Recent scheduled run sample (last 30 runs from the agentic scheduler):

Workflow Status
Secret Digger (Claude) βœ… Success
Secret Digger (Codex) βœ… Success
Secret Digger (Copilot) ⚠️ Mixed (3 failures / 5 runs)
Issue Monster βœ… Success
Agentic Maintenance βœ… Success
CI Doctor ⚠️ All skipped (7/7 runs) β€” monitoring may not be triggering correctly

βœ… Existing Quality Gates

On Every PR (pull_request trigger to main)
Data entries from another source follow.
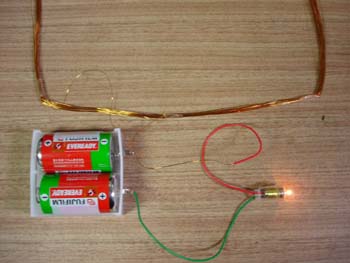 A コイルに電池と豆電球をつなげて直列回路を作る。
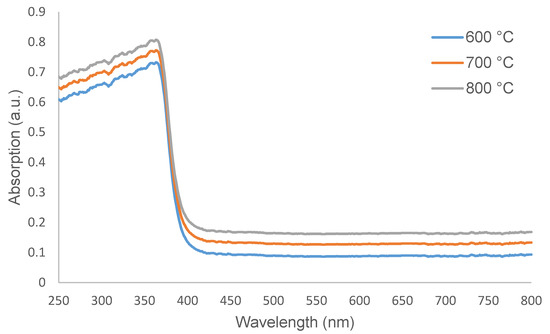 The effects of calcination temperatures on the optical properties, specifically the light absorption characteristic of ZnO/Zn2SiO4 samples has been studied by undergoing the Ultraviolet-visible spectroscopy (UV-vis) in the UV-visible range of 250–800 nm. The below figures show the absorption spectrum of pure and Eu3+ doped ZnO/Zn2SiO4 based composites undergo different calcination temperatures, which are 600 °C, 700 °C, and 800 °C for 3 h. Figure 6 shows the absorption spectra of undoped ZnO/Zn2SiO4 with different calcination temperatures for 3 h. From the graph, it is observed that undoped ZnO/Zn2SiO4 has an absorption band of below 400 nm with higher calcination temperature contributed to higher absorption intensity. This happened due to the scattering of Zn2SiO4 crystals in the samples [53,54]. The absorption bands displayed the red-shift pattern due to the process of crystallization during the calcination process. Dropping of absorption edge also can be seen around 370 nm, which due to the possibility of ZnO structure collapse thus formed the Zn2SiO4 structure [54]. By observing Figure 7, the absorption spectrum of Eu3+ doped ZnO/Zn2SiO4 shows quite a similar pattern to those of undoped samples, with an absorption band of below 400 nm. The absorption spectrum of the doped ZnO/Zn2SiO4 shows that the absorption band is having red-shift as the calcination temperature increased, due to the enhancement of crystallization in the samples which also show that the absorption edge has been enhanced. The UV-vis spectrum of Eu3+ doped ZnO/Zn2SiO4 also show the pattern of higher calcination temperature affect to higher absorption intensity, due to the scattering of Zn2SiO4 crystals in the samples while, the dropping of absorption edge can be seen at around 375 nm, thanks to the reason of ZnO structure collapse which formed the Zn2SiO4 structure, as associated with XRD findings.
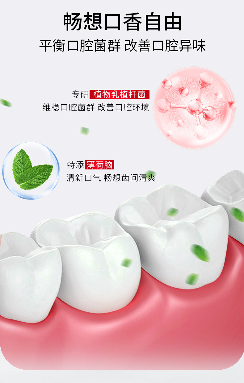 ソファプロバイオティックフレグランスマウスウォッシュタブレット、爽やかな息、歯の洗浄と保護、携帯用チュアブル歯の洗浄タブレット、固形歯磨き粉

Check Workflow What It Verifies
Build Verification build.yml TypeScript compile on Node 20 & 22, dist output exists, API proxy unit tests
ESLint lint.yml Code style / static analysis of src/
TypeScript Type Check test-integration.yml tsc --noEmit strict mode check
Test Coverage test-coverage.yml Jest unit tests + coverage delta vs base branch, PR comment
Integration Tests test-integration-suite.yml 4 parallel Docker-based test jobs (domain/network, protocol/security, container/ops, API proxy)
Chroot Integration Tests test-chroot.yml 4 parallel jobs: language runtimes, package managers, /proc FS, edge cases
Examples Test test-examples.yml End-to-end execution of examples/*.sh scripts
Test Setup Action test-action.yml action.yml self-test (latest version, specific version, image pull, invalid version)
CodeQL codeql.yml Static security analysis (JavaScript/TypeScript + GitHub Actions)
Container Security Scan container-scan.yml Trivy CRITICAL/HIGH CVE scan of agent and squid images (path-filtered to containers/**)
Dependency Audit dependency-audit.yml npm audit --audit-level=high for main and docs-site packages
PR Title Check pr-title.yml Conventional Commits format enforcement
AI Security Guard security-guard.lock.yml Claude reviews PR diff for security regressions
Build-Test Workflows 8 agentic workflows Real-world project builds (Go, Rust, Java, Node, Bun, C++, Deno, .NET) through the firewall
Smoke Tests 4 agentic workflows Claude/Codex/Copilot/Chroot end-to-end agent execution (reaction or PR triggered)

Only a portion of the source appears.